This method is similar to the previous one but the company personnel is not warned of the attempt beforehand. This allows evaluating the preparedness of the internal security department and its ability to detect unexpected attacks and mitigate their results.

5. Targeted Testing

It looks more like training than an attempted hacking because in targeted testing “the victim” and “the perpetrator” work in close cooperation evaluating each other’s actions. Such an approach allows the security staff to adopt hackers’ vantage points in assessing their company’s security policies and measures.
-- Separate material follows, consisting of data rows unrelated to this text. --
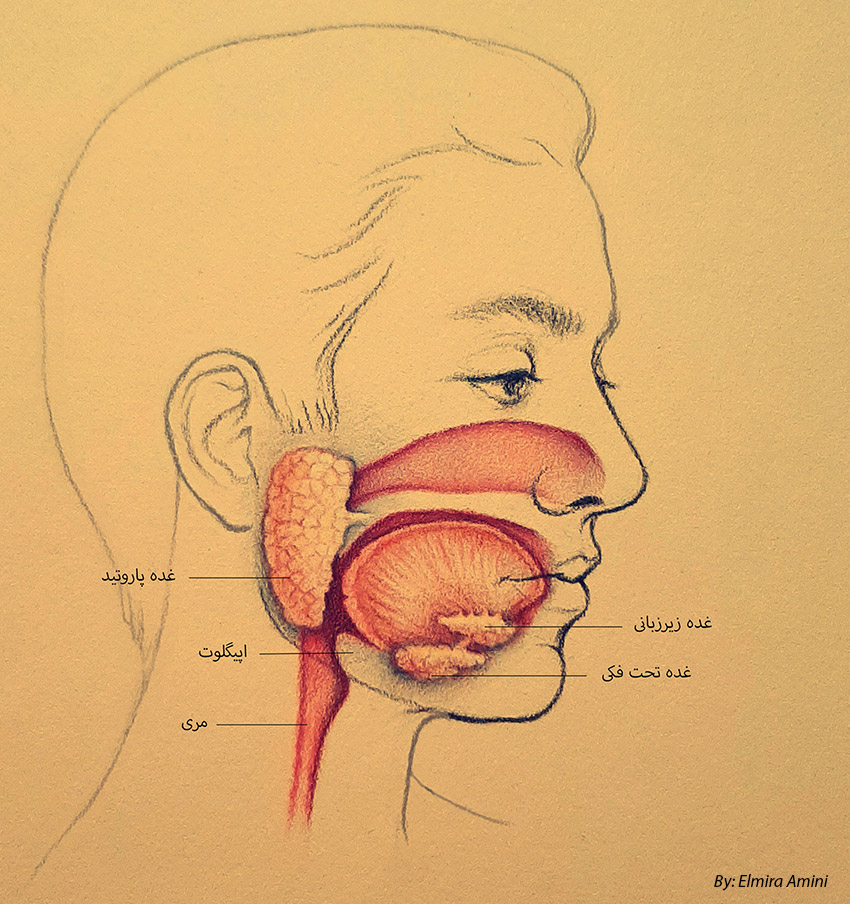 نمای کلی غدد مسئول ترشح بزاق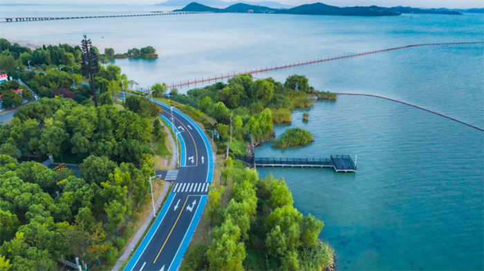 烟波浩渺的太湖,是中国五大淡水湖之一,湖岸线曲折蜿蜒,小桥流水,绿树人家,稻香桑茂,渔港,村落,古桥,古镇连成一片,构成了一个个千姿百态的天然山水画面。沿着苏州太湖骑行车道徒步,别有一番感受。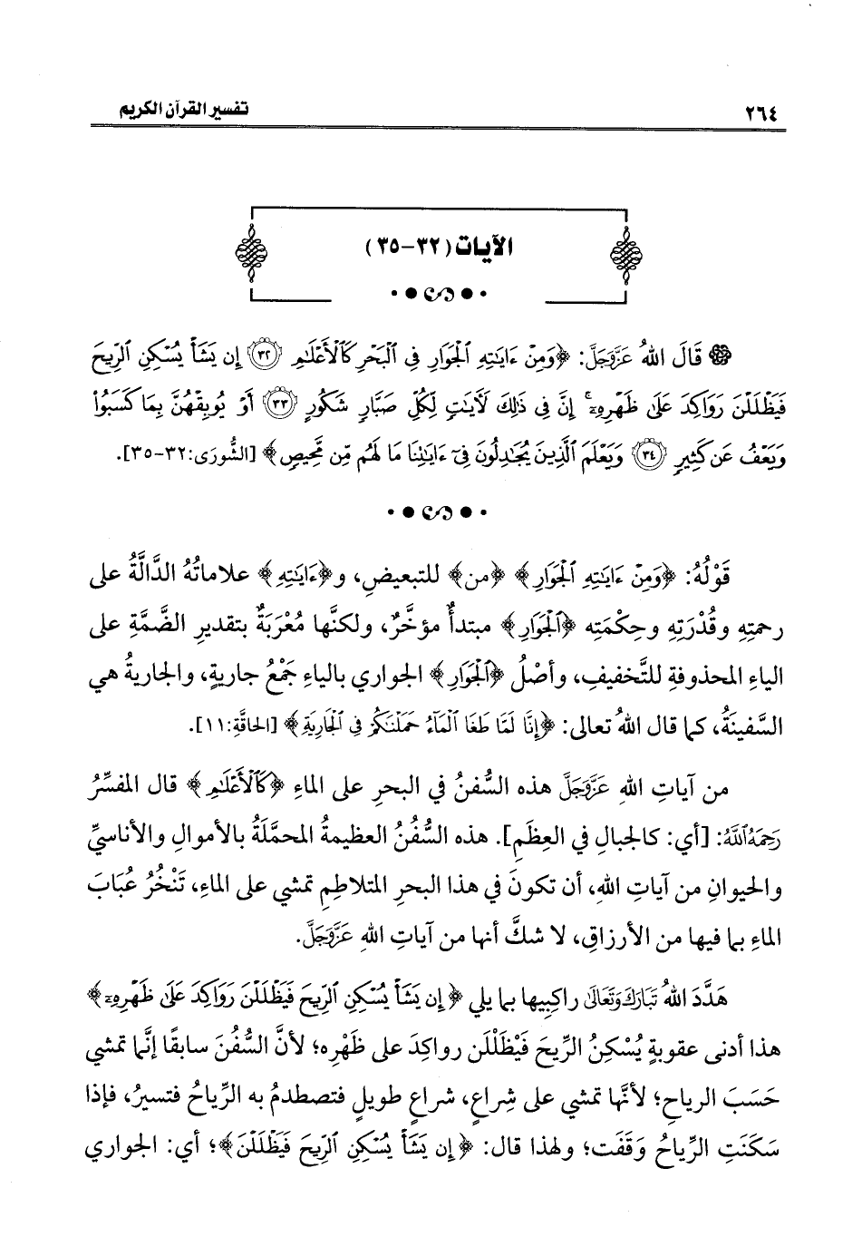 من آياتِ اللهِ عَزَّ وَجَلَّ هذه السُّفنُ في البحرِ على الماءِ {كَالْأَعْلَامِ} قال المفسِّرُ رَحِمَهُ اللهُ: [أي: كالجبالِ في العِظَمِ]. هذه السُّفُنُ العظيمةُ المحمَّلَةُ بالأموالِ والأناسيِّ والحيوانِ من آياتِ اللهِ، أن تكونَ في هذا البحرِ المتلاطِمِ تمشي على الماءِ، تَنْخُرُ عُبَابَ الماءِ بما فيها من الأرزاقِ، لا شكَّ أنها من آياتِ اللهِ عَزَّ وَجَلَّ.

Whatever methods the testers apply, they cannot do without testing tools.

Penetration Testing Tools

Today, a plethora of tools that can be used for penetration testing exist, so novices in the field may be at a loss which one to employ. Having accumulated considerable experience in this sphere, our team can narrow your choice to the most efficient pen-testing instruments that are a part of our technological stack.

1. Metasploit

metasploit-logo

This is probably the most widely used tool. Its popularity is explained by two features: it is very powerful (allowing running several tests at once) and automated (little preliminary technical background is required to use it). Metasploit has several modules, each geared to scan a specific system for vulnerabilities and check if it is possible to exploit them. It operates based on an extensive exploit database that contains easy-to-load scripts. In essence, exploit is a code that can bypass security barriers by leveraging known vulnerability or several, and launch a payload – another code, that would provide access to the targeted software and hardware.

Currently, Metasploit features over 1,500 exploits, has commercial support from Rapid7, and is compatible with Linux, Microsoft Windows, and Apple macOS. Among its other fortes are the availability of both command-line and graphical user interfaces. The major downside is quite a high usage cost.

2. Burp Suite

burpsuite-logo

An expensive application pen-testing suite aimed at security experts. The community edition is cheaper, yet it falls short of the enterprise version in functionality, which explains the latter’s high price (starting at $4,000 per year). In addition to scanning options, Burp Suite offers proxy capturing, command injection, and even an intrusion testing tool (albeit a limited one).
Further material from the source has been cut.